THE LAW OF INHERITANCE

SUCCESSION

Death marks the culmination of one’s life. Death is a certainty for every person currently living. When a person dies, their assets must be passed on to others who are qualified to inherit from the deceased. It is therefore important to prepare for this undeniable ending. This is where the law of succession kicks in. it refers to the rules that control the transfer of assets of the deceased which are subject to distribution among beneficiaries.
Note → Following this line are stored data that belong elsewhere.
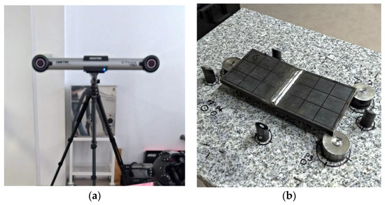 For data acquisition, was used the C-Track (Figure 9a) coordinate measurement equipment interconnected with HandyPROBE using the Metrolog X4 and VXelements. The arrangement for sample positioning to acquire data is shown in Figure 9b. Three support cylinders and four optical reflectors were placed on a granite surface plate following all the recommendations in the manufacturer’s manual.
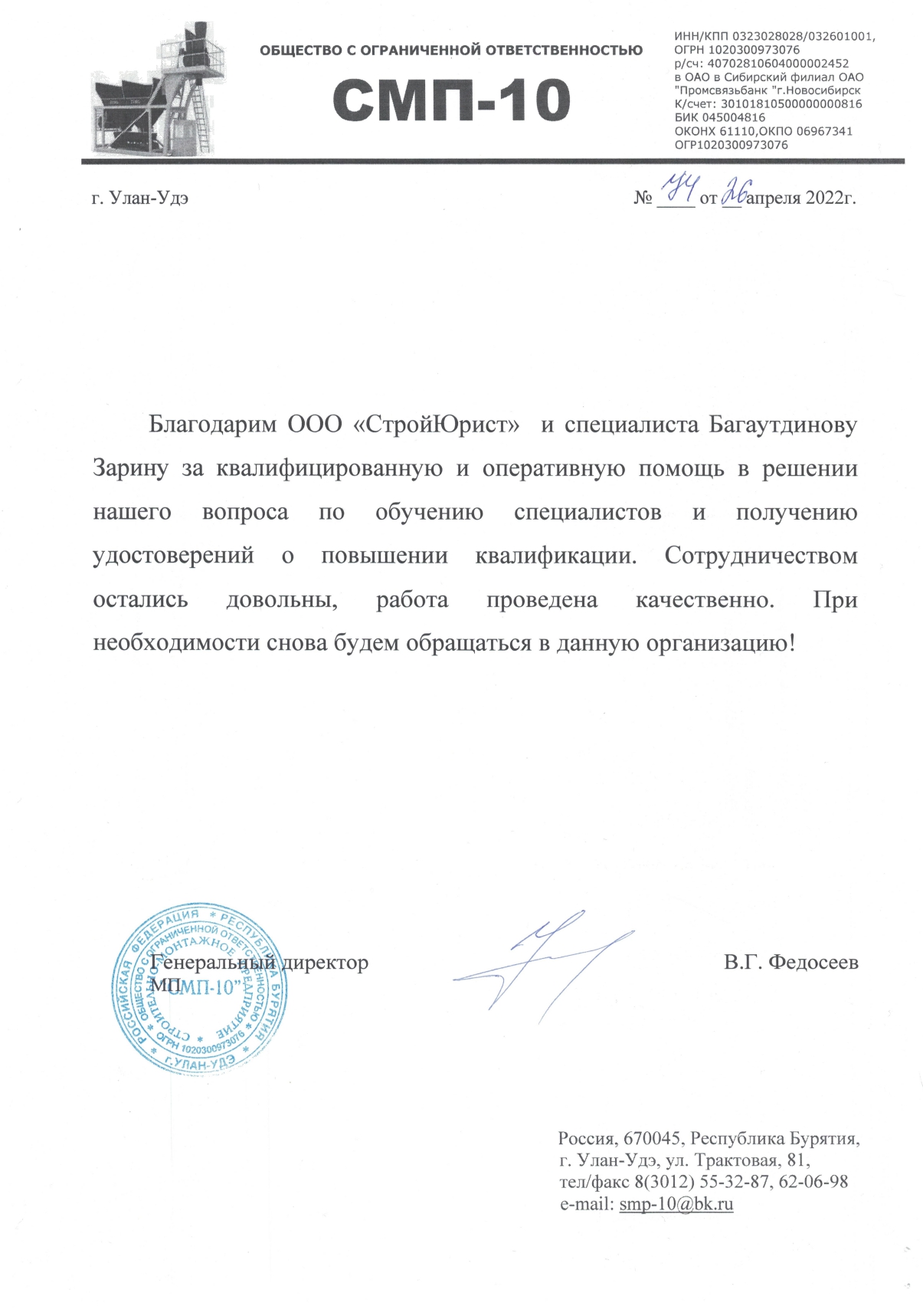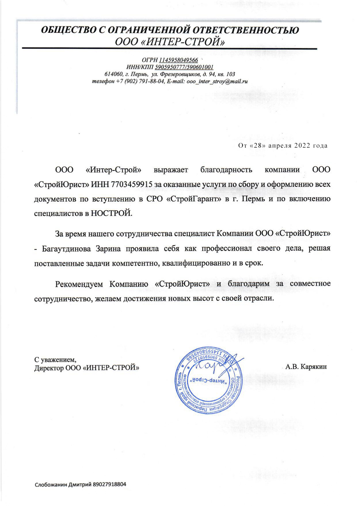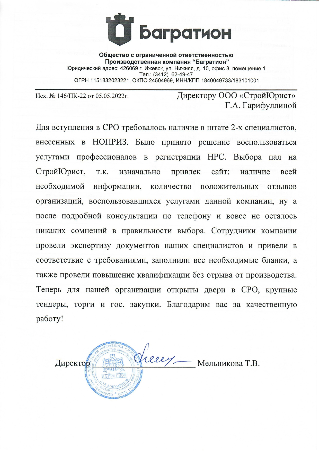 Отзывы клиентов "СтройЮрист" по вступлению в СРО в Березниках
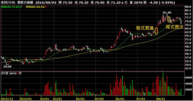 - 在突破盤整區的時候,程式自動執行買進的動作
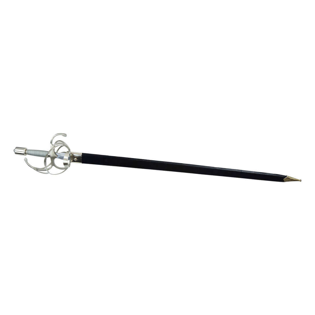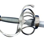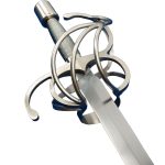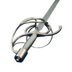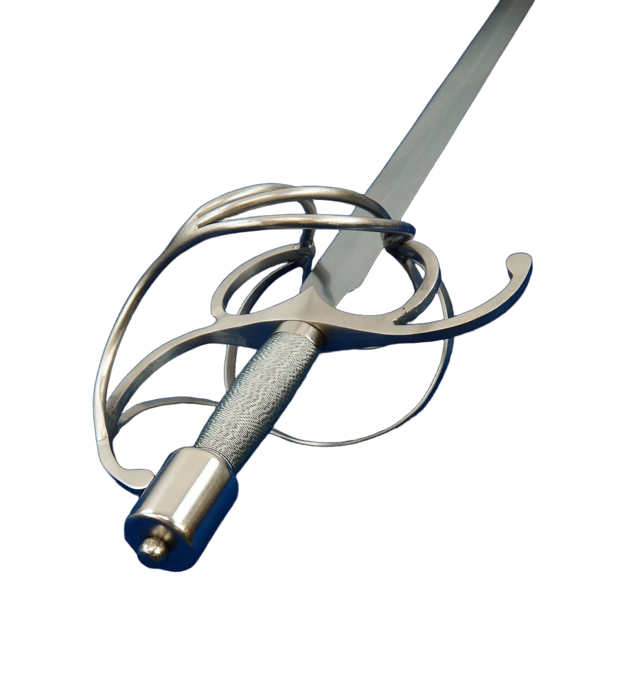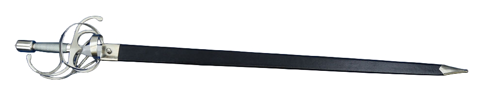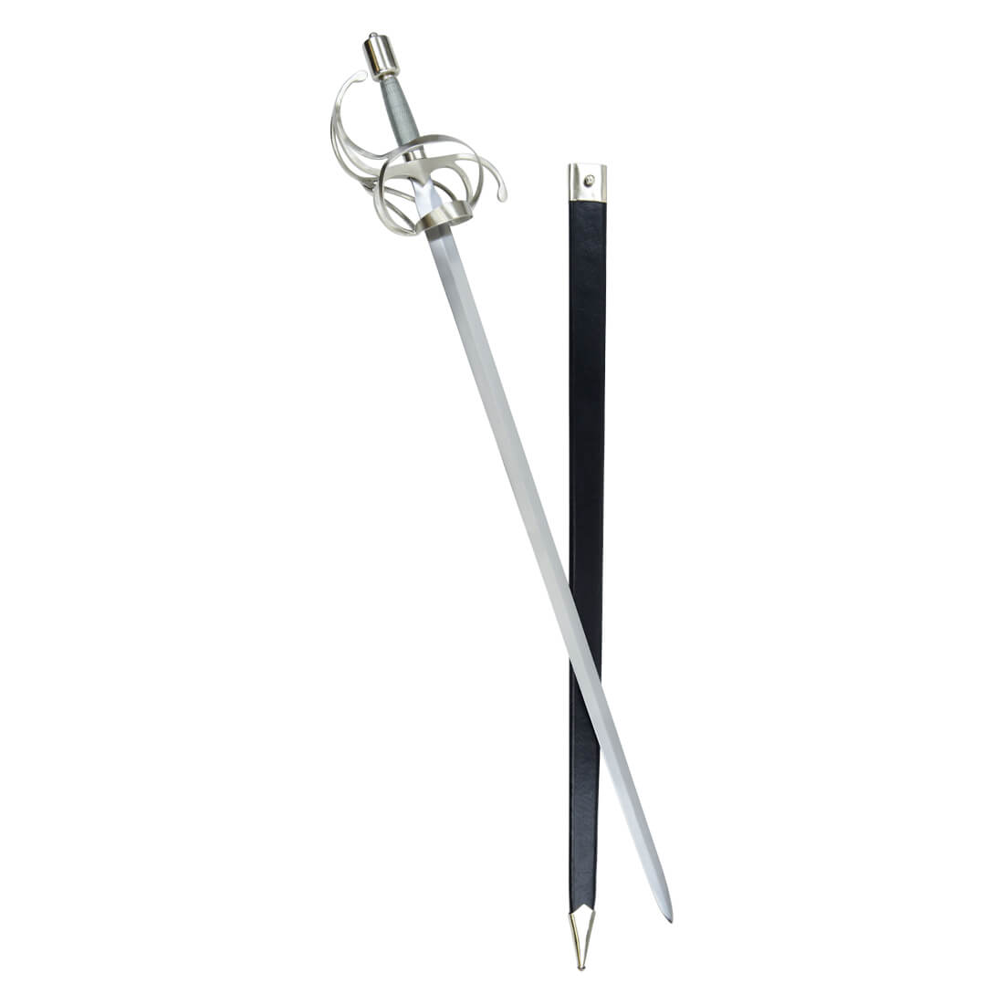 This swept-hilt rapier has a blade of high carbon steel; the hilt is steel and the grip is wood with twisted steel wire. The scabbard is wood with leather and protective steel accents.

It has been said that the law of succession plays two key roles; an economic and social function. Regarding the economic aspect, the law of succession regulates the transfer of wealth upon a person’s death. This is because, subject to certain limitations, a person may freely indicate how he wishes his assets to be distributed. As it pertains the social aspect, the law of succession encourages, embolden and bolster the family as a social unit.

GENERAL PRINCIPLES
Freedom of Testation
A deceased person is free to exclude or include any person as a beneficiary to his assets, subject to certain limitation. This concept is known as the freedom of testation and the main philosophy behind it is to allow the owner of assets to do as they wish with what belongs to them. To every general rule there are limitations. The limitations are sourced from both common law and statutory law. At common law, a bequest must be clear (vague), impossible, immoral (contrary to public policy). For example, a term in a will that a person can only inherit if they are married according to Muslim laws. On the other side of the spectrum, the Succession Act at Section 6 postulates that a court may order payment out of the estate of the deceased person for the benefit of a surviving spouse or child. Section 5 of the Law of Inheritance Act is a clear example of the freedom of testation principle. It provides that every person competent to make a will shall have full power to disinherit or omit to mention any child, parent, relative or descendant.

Definition of an Estate
Another key principle is that of an estate. An estate comprises of both assets and liabilities. An estate refers to all assets of the deceased person after all creditors have been paid, administrative fees have been covered and other costs. Therefore the beneficiary does not immediately become owner of inherited assets immediately after death of the deceased.

Requirements for Succession
The first requirement is that the deceased must have died. A beneficiary cannot inherit when the testator is alive. One of the exception is however when there is a presumption of death. Secondly, the beneficiary must be alive at the time of delatio (death of the testator) unless the testator had stated otherwise.

TESTATE SUCCESSION & INTESTATE SUCCESSION

Intestate Succession
The law of intestate succession is a body of rules which determines how the estate of a deceased person will devolve (i) where he/she dies without a will; (ii) where the will is declared invalid; or (iii) where they have a partial will (i.e. a will without a residuary clause). In Botswana, the estate of a deceased who dies intestate can devolve either under statutory law (i.e. rules in the Succession Act) or if the deceased was a tribesman, then under the rules of customary law.
Testate Succession
These are rules that regulate the distribution of an estate according to the wishes of the testator expressed in a will.